If we assume in addition there is a constant $\lambda>0$ such that for any $\psi=(\psi_1,...,\psi_n)$ with $\psi_i \in C^2_c(R^n)$ $$ \Sigma_{i,j}\int_{R^n} f \frac{\partial^2(\psi_i\cdot \psi_j)}{\partial x_i \partial x_j} dx \leqslant \lambda \Sigma_i \int |\psi_i|^2 $$ Then we have $[h_{ij}]-\lambda \cdot I$ is non-positively definite matrix and $[D^2f]_s \leqslant 0$, where $I$ is the unit $n\times n$ matrix. Thus the singular part vanishes $[D^2f]_s=0$.
My question is "Is $f$ $\lambda$-concave?"
Or for short, equivalently "Is the Hessian measure of a convex function $f$ has vanished singular part, and at any second differential points $D^2f(x) \leqslant \lambda \cdot I$, is $f$ $\lambda$-concave?".
My calculation is as follows: Let $f_{\epsilon}$ be the smooth modifiller.

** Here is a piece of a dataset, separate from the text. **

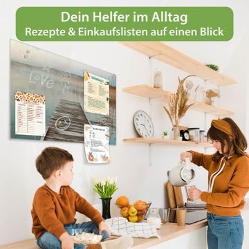 Auf der glatten Glasoberfläche lassen sich Termine, Rezepte oder Notizen ganz einfach mit Kreidestiften festhalten und rückstandslos entfernen. Starke Neodym-Magnete halten Ihre wichtigsten Erinnerungen sicher an Ort und Stelle. So entsteht Ihre ganz persönliche Ideenwand - jeden Tag neu.

If we can get that $D^2 f_{\epsilon} \leqslant \lambda-\delta(\epsilon)$, Then $f_{\epsilon}$ is $\lambda-\delta(\epsilon)$-concave. Then by approximation we can get $f$ is $\lambda$-concave.
$$ \int D^2 f_{\epsilon} \psi_i \psi_j =\int f_{\epsilon} \frac{\psi_i \psi_j}{\partial x_i \partial x_j} \to \int f \frac{\psi_i \psi_j}{\partial x_i \partial x_j}=\int \psi_i \psi_j h_{ij}dx \leqslant \lambda \Sigma_i \int |\psi_i|^2 $$ But it seems we can't get $f_{\epsilon}$ is $\lambda-\delta(\epsilon)$-concave from above. The convergence is for measure, it's weak not strong.